— TASK INSTRUCTIONS —
Scan the records below for the line with "近三年建成国家级一流课程1门" and the line with "this pocket notebook", and retype that range exactly, both ends included, pictures excepted.

[EXERCISE MATERIALS — start]

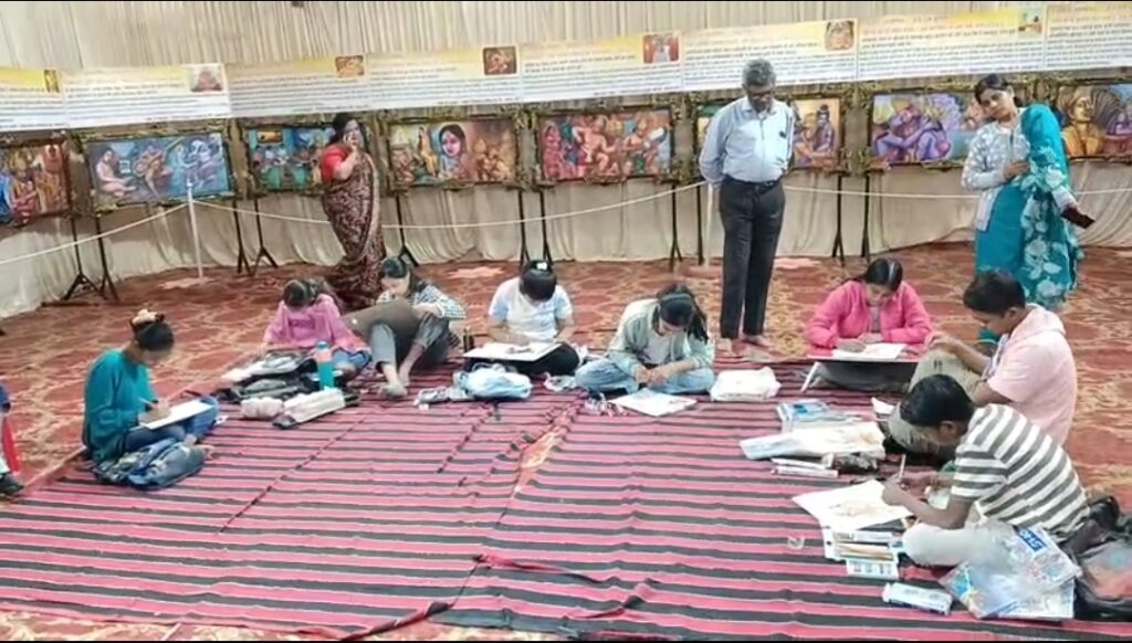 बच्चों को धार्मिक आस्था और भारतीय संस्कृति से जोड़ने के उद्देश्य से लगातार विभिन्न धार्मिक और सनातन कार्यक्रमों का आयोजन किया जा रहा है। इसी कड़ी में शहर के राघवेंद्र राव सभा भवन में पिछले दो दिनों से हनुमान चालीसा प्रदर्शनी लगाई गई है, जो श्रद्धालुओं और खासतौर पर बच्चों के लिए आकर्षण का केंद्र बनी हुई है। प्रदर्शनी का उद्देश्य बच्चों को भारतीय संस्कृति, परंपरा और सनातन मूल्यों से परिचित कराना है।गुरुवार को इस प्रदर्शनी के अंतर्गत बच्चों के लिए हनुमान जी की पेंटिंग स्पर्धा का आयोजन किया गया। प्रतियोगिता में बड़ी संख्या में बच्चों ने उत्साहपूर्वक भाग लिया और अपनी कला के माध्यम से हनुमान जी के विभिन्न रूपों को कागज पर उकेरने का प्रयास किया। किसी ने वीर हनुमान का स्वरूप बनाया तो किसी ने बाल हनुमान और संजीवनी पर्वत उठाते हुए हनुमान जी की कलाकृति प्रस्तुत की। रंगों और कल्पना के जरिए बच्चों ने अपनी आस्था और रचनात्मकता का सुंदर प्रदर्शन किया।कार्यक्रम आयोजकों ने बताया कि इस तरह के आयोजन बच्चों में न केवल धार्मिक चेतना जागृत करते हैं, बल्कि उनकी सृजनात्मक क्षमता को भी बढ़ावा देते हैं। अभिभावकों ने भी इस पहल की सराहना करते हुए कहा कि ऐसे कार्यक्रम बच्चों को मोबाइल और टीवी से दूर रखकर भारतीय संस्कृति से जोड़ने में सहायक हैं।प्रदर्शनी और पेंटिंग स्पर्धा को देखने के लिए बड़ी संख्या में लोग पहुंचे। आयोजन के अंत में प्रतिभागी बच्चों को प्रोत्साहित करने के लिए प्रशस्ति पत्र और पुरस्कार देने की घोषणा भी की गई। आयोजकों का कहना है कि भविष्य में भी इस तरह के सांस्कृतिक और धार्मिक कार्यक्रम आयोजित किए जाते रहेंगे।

[EXERCISE MATERIALS — finish]
[EXERCISE MATERIALS — start]

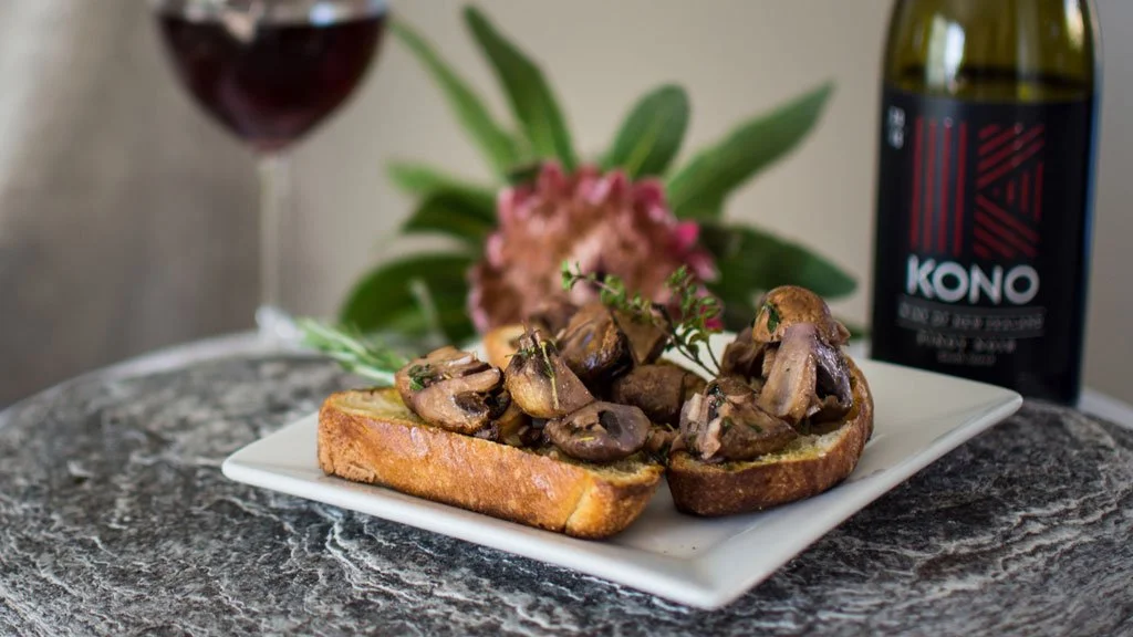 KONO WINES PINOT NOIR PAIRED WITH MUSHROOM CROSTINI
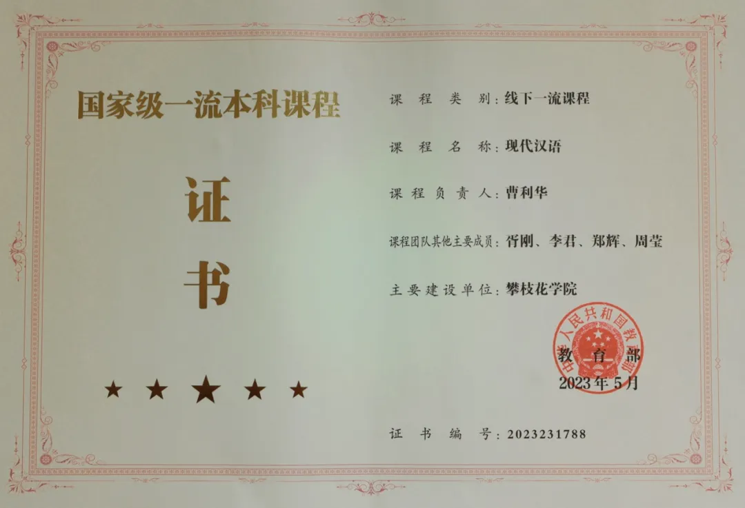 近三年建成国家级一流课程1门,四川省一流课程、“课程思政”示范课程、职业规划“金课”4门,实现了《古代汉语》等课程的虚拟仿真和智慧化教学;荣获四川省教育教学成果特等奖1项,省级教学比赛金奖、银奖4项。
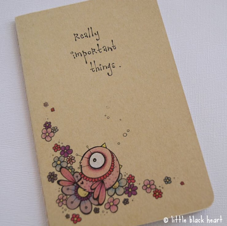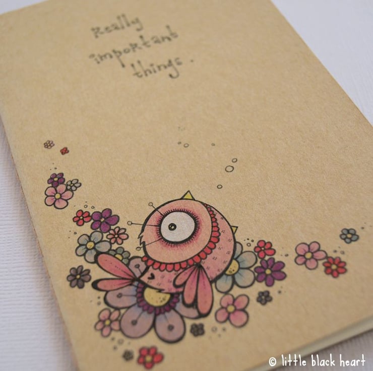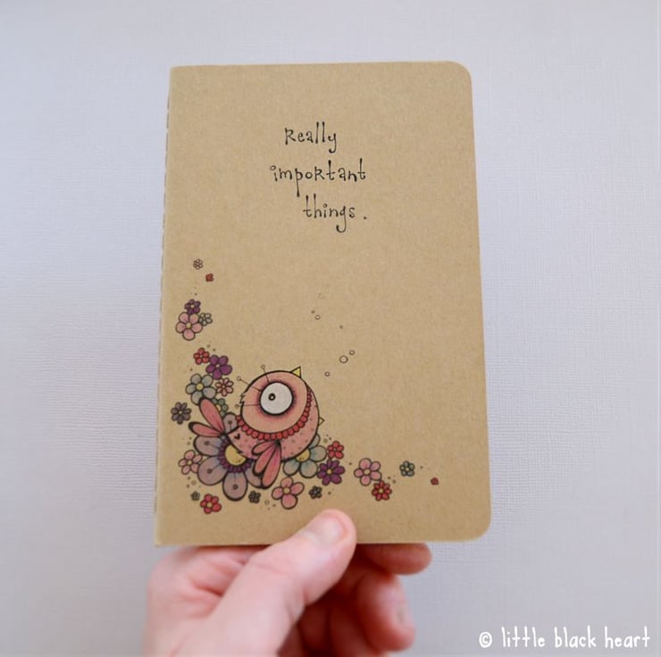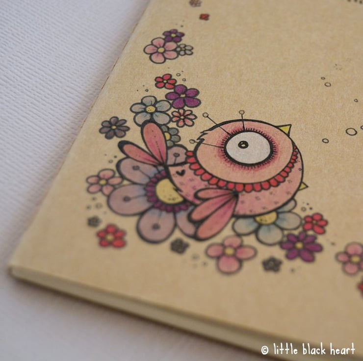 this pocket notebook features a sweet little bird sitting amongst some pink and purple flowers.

[EXERCISE MATERIALS — finish]

— RESULT FOR THIS TASK —
 近三年建成国家级一流课程1门,四川省一流课程、“课程思政”示范课程、职业规划“金课”4门,实现了《古代汉语》等课程的虚拟仿真和智慧化教学;荣获四川省教育教学成果特等奖1项,省级教学比赛金奖、银奖4项。
 this pocket notebook features a sweet little bird sitting amongst some pink and purple flowers.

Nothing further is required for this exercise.